Dynamic languages on MIR (with a focus on closures) #306

netbsduser · 2022-11-11T18:42:46Z

netbsduser
Nov 11, 2022

First of all I want to thank you for your work on MIR - I was referred to this project by the authors of tinydotnet, a lightweight implementation of the .NET runtime.

I am working on an implementation of a dialect of the Smalltalk programming language, and will be targetting it to MIR to provide JIT compilation. I am not especially familiar with Ruby, but from what I have gathered it bears a very strong resemblance to Smalltalk. So it was interesting for me to read about your plans for MIR as the basis of a Ruby JIT. Much of what you discussed in "Code Specialisation for MIR" is directly applicable; in Smalltalk for example we have SmallIntegers, a class of integer which is implemented by tagging; an efficient Smalltalk compiler must give these special treatment so that method invocation can be avoided for cases like x + y where x and y are both SmallIntegers. This is similar to your treatment of Ruby FIXNUMS, so the properties and basic-block versioning work should be very beneficial for me there.

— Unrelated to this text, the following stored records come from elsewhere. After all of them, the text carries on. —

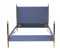 Letto a una piazza con montanti in ottone scanalato, puntali in vetro, testata, pediera e sponde imbottite e rivestite in tessuto blu (difetti)
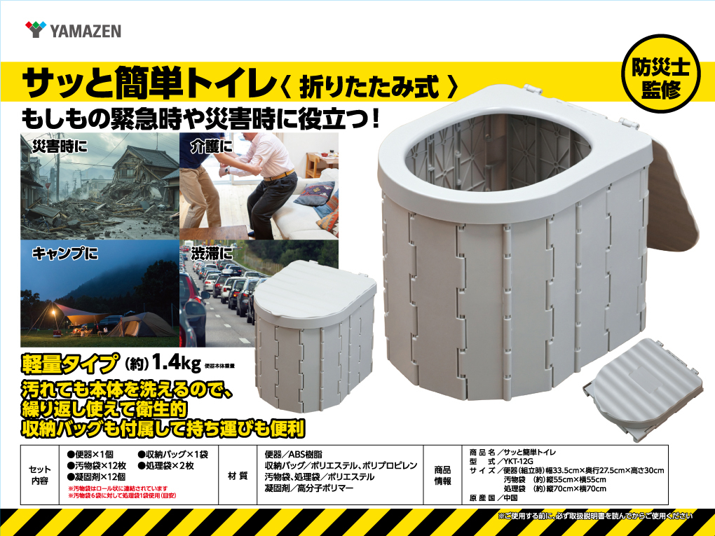 | 仕様 | ●セット内容:便器、収納バッグ、汚物袋×12枚、処理袋×2枚、凝固剤×12個 ●災害時に、介護に、キャンプに、渋滞に!困ったときに役に立つ ●汚れても本体を洗えるので繰り返し使えて衛生的 ●収納バッグ付きで持ち運びに便利 ●便器は折りたたみ式だから使わないときはコンパクトに収納が可能 |
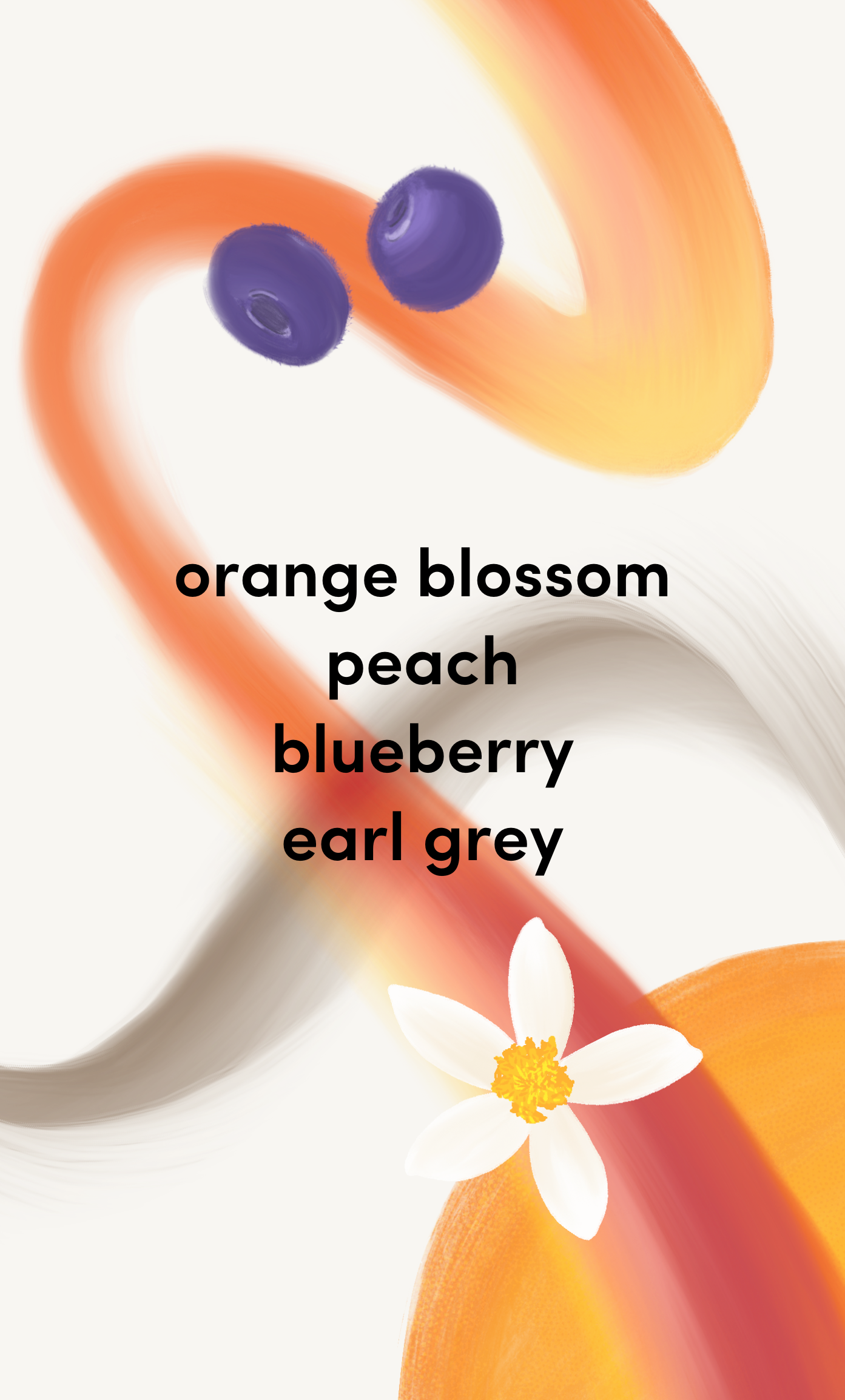 orange blossom, peach, blueberry, earl grey
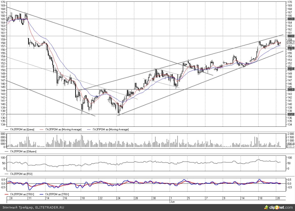 Но в то же время Газпром совсем близко уже от большого дивидендного гэпа на 165, который остался в начале мая после закрытия реестра. Спекулянты рано или поздно постараются его закрыть, организовав общий заход к нему.
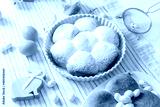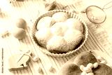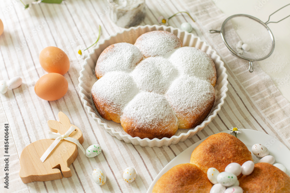 Cooking homemade pastry - buchtel buns, sweet rolls with jam filling. Easter bunny, eggs, candies and spring flowers on the table. Icing sugar. Festive preparation. Horizontal image.
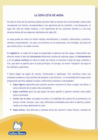 Este documento habla sobre las sopas más saludables y frescas para el verano. Presenta diferentes tipos de sopas frías como cremas, purés y sopas que se pueden preparar en verano, incluyendo recetas como ajo blanco, crema de aguacate, crema de calabacín y caldo de pollo. También destaca las ventajas nutricionales y de hidratación de las sopas para el verano.
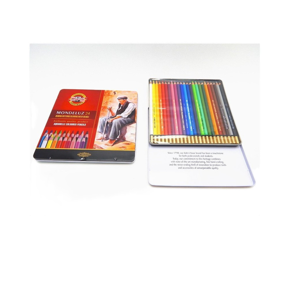 Umělecké akvarelové pastelky Mondeluz 24 kusů v plechovém obalu. Umělecká sada akvarelových pastelek. Vynikají světlostálostí, čistotou barev a barevnou škálou čítající až 72 různých barevných odstínů. Při aplikaci štětce a vody lze jejich stopu zcela rozmalovat a následně aplikovat techniku akvarelové kresby. Průměr 7 mm. Český výrobce Koh-I-Noor.
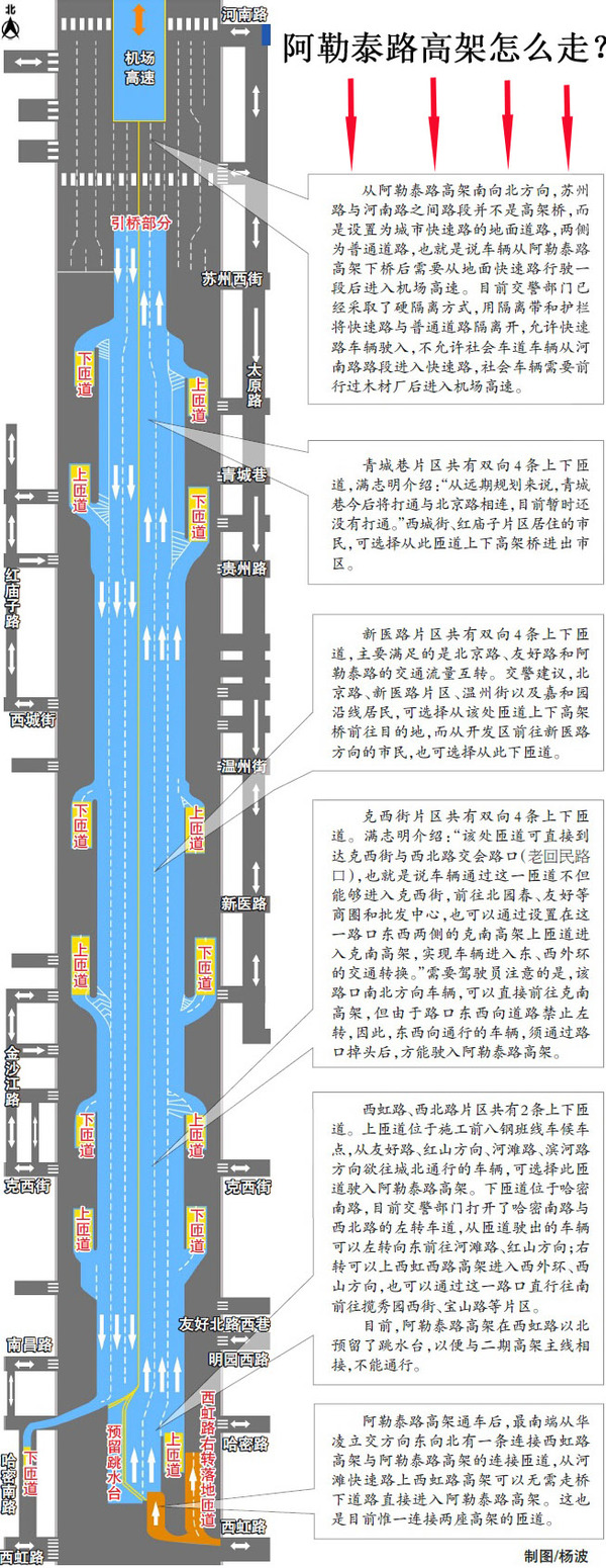 记者了解到,阿勒泰路高架全线基本为双向4至6车道。新建7对上下匝道,共14条。同时,改扩建1条西虹路东向北右转落地匝道和1条西虹路东向北立交(西虹路高架桥梁连接新建高架桥梁)匝道。匝道也分为2车道和单车道,请市民驾驶时注意。
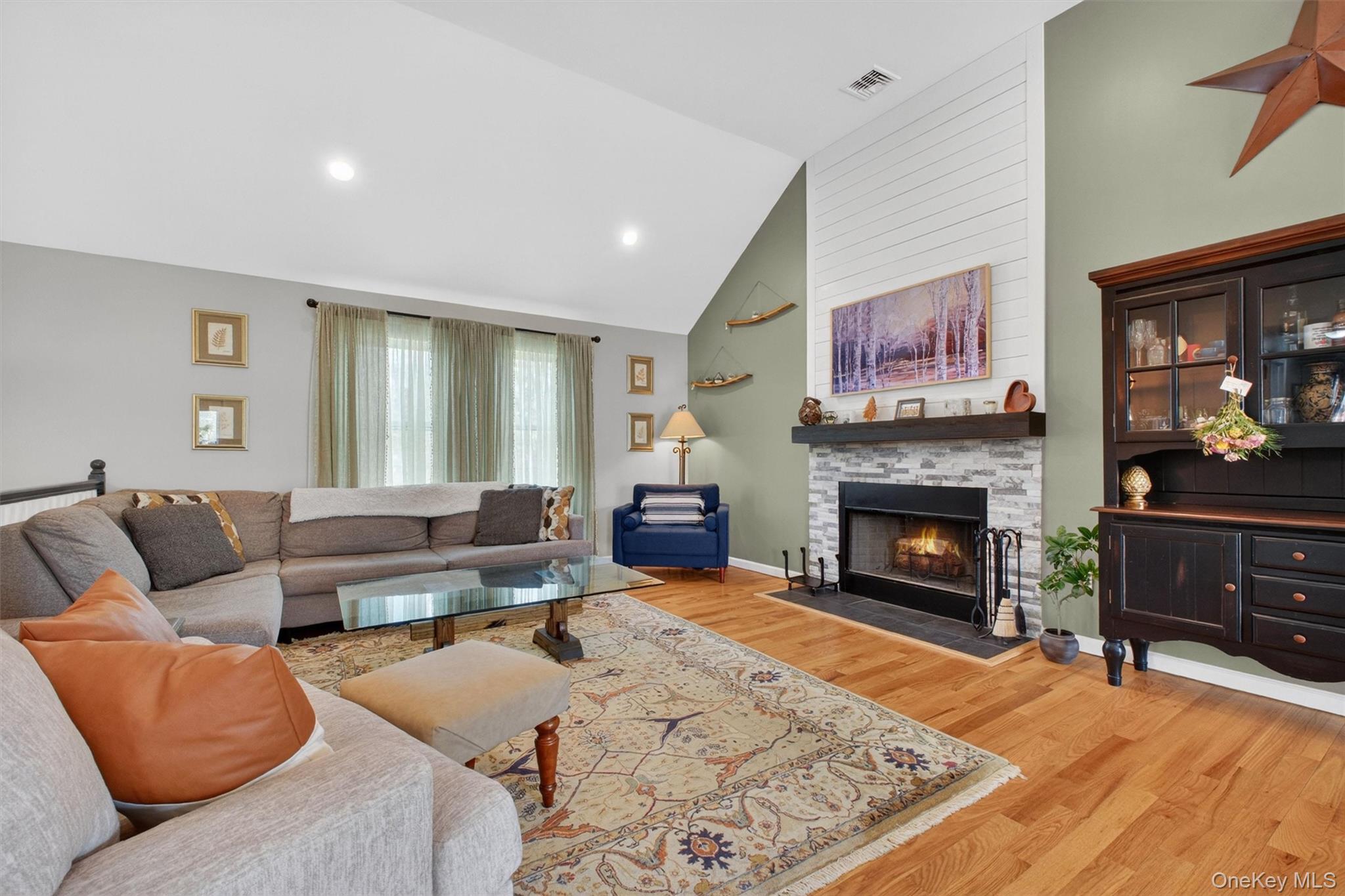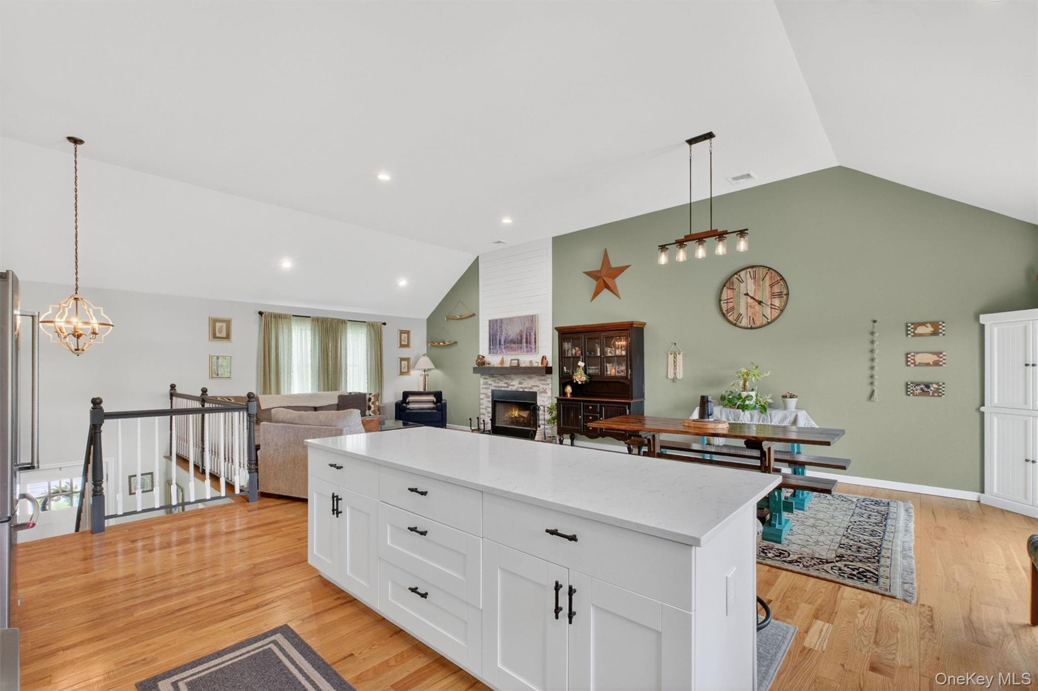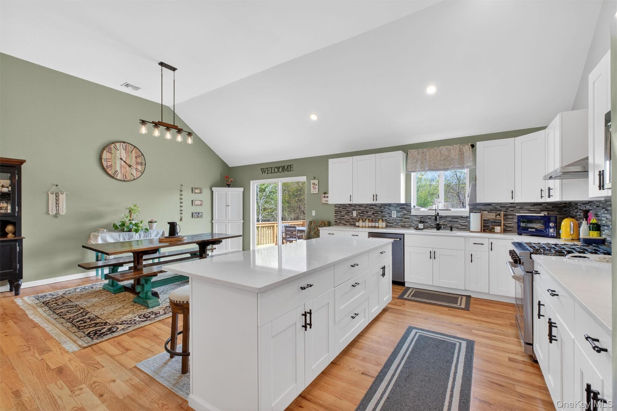 Picture perfect move-in condition! This 3 bedroom, 3 bath contemporary ranch is privately set on 1.69 beautifully landscaped acres on a quiet street in Poughquag with mountain views overlooking a horse farm. Spacious entry foyer welcomes you into an open living room featuring cathedral ceilings, hardwood floors, and a wood burning fireplace with stone front. Formal dining room with sliding glass door opens to the deck, perfect for indoor and outdoor entertaining. Custom gourmet kitchen offers quartz countertops, tile backsplash, built-in microwave, island seating for four, premium range hood, and 5-burner gas stove. Main level also features two large bedrooms, full hall bath with tub, and a private primary suite with cathedral ceilings, room for a king size bed, and custom shower. Bright, fully above-ground lower level includes a family room with custom ceilings, full bath, laundry room, generous storage, and sliding glass door to backyard. Two car garage and oversized driveway provide ample parking. Propane heat, wood burning fireplace, and septic sized for a potential fourth bedroom complete this exceptional home. Conveniently located close to highways. Move right in!

There are some other areas which are harder to deal with, and there is one in particular for which I wondered whether you have any ideas or plans on how you plan to tackle it for Ruby. Smalltalk has a very simple language model in which there is an extensive use of block closures - these are the lambda expressions well known to the functional languages. These introduce a problem for optimisation. Consider this typical pattern you might find in Smalltalk:

someArray collect: [ :x | x increment ]

someArray's collect: method is invoked (dynamically; someArray might be an instance of some subclass of Array created by the user which redefined collect:). This is equivalent to the map of functional languages. It is passed a block closure as an argument; this block closure returns the result of invoking increment on its sole argument. The result is a new array with all the values of someArray incremented.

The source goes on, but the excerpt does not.